*** Record set ***

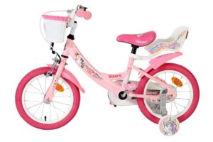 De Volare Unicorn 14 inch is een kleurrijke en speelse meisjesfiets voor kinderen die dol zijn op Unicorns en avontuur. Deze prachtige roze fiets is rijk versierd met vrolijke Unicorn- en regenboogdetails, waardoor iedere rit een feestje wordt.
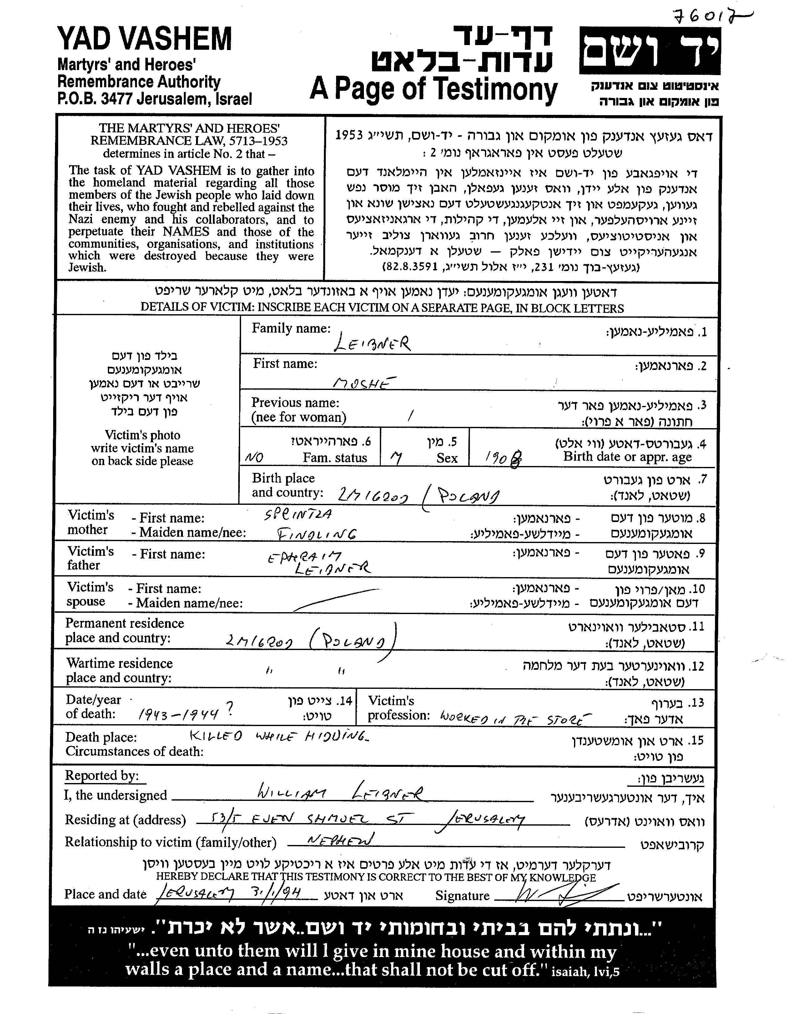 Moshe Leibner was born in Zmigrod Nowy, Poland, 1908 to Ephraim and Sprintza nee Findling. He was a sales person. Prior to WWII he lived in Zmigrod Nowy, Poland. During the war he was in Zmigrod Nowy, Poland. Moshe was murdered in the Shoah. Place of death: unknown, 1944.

*** End of Record set ***
*** Record set ***

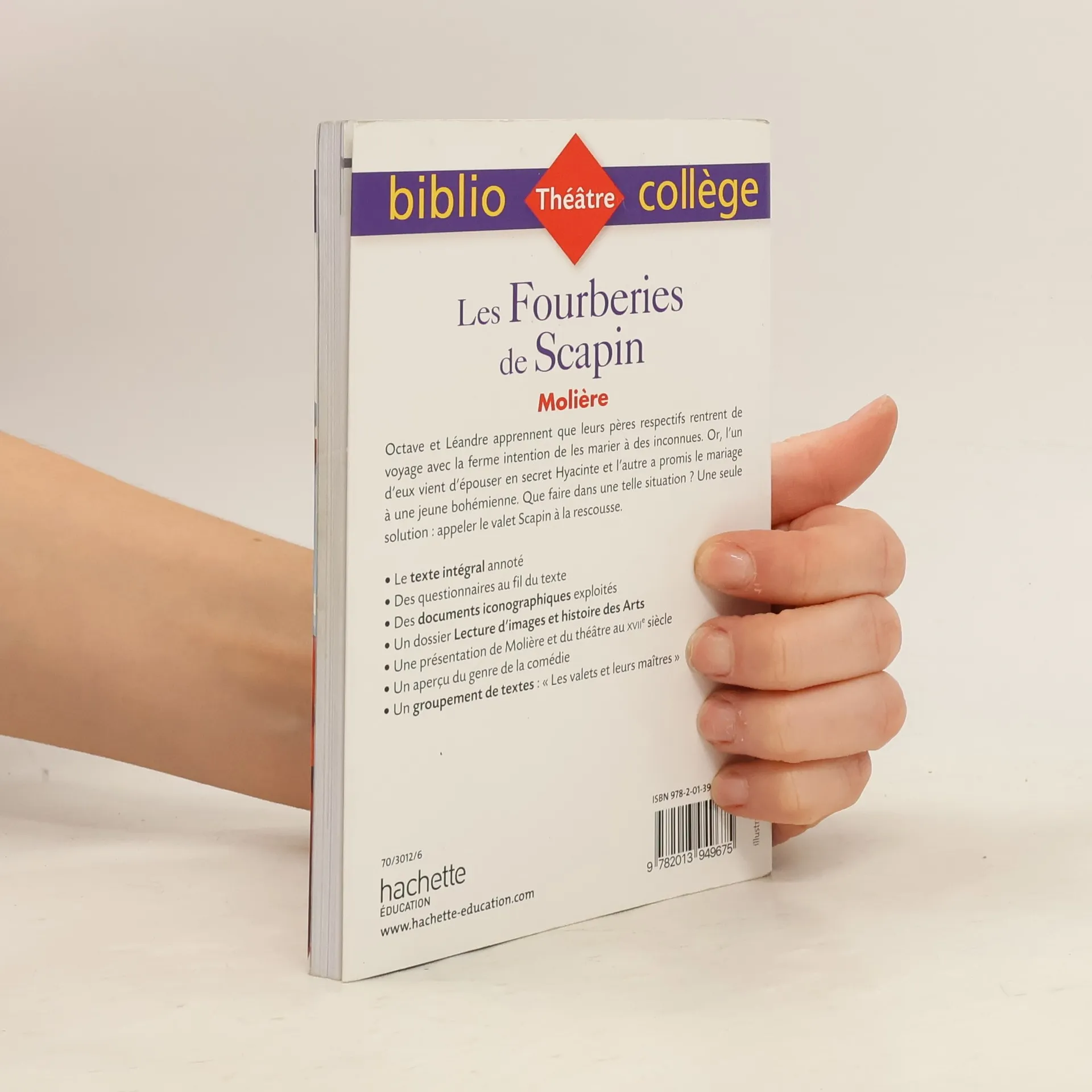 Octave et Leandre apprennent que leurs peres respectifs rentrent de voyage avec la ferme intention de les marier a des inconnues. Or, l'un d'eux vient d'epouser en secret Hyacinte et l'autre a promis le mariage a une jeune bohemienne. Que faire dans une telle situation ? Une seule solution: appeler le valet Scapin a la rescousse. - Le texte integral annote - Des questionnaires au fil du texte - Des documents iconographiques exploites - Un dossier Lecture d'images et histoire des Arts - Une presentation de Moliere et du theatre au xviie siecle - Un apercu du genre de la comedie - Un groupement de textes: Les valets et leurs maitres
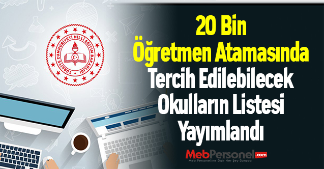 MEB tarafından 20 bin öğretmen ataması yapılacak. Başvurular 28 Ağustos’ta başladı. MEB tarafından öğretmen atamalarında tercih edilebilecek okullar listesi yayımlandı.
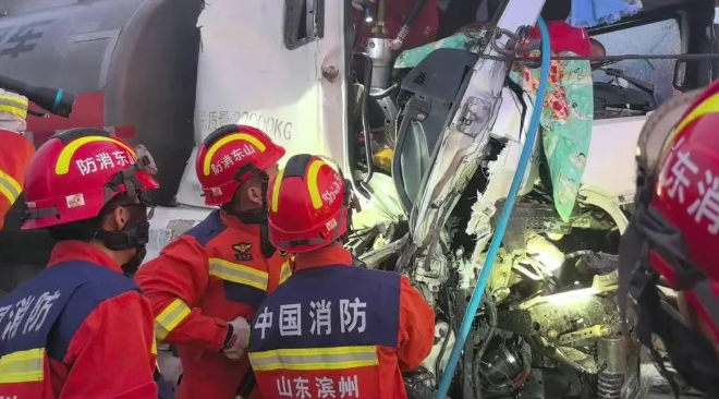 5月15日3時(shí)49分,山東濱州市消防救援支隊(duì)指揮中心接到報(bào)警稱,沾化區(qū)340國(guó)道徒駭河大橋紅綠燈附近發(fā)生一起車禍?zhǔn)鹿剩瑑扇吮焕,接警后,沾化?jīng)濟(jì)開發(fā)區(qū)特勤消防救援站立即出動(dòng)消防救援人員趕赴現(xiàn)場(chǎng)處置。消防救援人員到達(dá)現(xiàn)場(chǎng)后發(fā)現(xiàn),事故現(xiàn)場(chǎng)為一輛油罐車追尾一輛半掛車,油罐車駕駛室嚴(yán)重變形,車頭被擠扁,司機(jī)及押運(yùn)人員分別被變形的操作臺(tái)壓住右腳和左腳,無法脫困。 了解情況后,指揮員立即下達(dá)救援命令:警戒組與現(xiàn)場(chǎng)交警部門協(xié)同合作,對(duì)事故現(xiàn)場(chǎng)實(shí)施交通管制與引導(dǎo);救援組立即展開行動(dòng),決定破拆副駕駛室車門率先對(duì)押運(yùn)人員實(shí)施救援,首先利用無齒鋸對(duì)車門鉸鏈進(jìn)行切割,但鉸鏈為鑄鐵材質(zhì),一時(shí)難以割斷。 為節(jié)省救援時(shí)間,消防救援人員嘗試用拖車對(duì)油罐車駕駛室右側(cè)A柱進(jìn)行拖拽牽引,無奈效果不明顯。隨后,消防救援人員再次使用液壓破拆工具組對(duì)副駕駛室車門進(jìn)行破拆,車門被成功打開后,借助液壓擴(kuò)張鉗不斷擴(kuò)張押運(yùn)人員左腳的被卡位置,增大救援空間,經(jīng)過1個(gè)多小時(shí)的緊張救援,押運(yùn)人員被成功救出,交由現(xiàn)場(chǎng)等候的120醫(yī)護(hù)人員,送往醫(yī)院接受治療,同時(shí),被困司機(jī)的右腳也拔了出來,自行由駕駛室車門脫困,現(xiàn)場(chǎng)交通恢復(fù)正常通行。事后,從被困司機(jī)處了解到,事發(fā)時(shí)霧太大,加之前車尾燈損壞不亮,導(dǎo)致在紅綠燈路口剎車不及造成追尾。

*** End of Record set ***

To do -
Only one stretch of the data is wanted: write out exactly the lines from the one holding "De Volare Unicorn" through the one holding "Moshe Leibner was", both included, without the pictures.

Solution -
 De Volare Unicorn 14 inch is een kleurrijke en speelse meisjesfiets voor kinderen die dol zijn op Unicorns en avontuur. Deze prachtige roze fiets is rijk versierd met vrolijke Unicorn- en regenboogdetails, waardoor iedere rit een feestje wordt.
 Moshe Leibner was born in Zmigrod Nowy, Poland, 1908 to Ephraim and Sprintza nee Findling. He was a sales person. Prior to WWII he lived in Zmigrod Nowy, Poland. During the war he was in Zmigrod Nowy, Poland. Moshe was murdered in the Shoah. Place of death: unknown, 1944.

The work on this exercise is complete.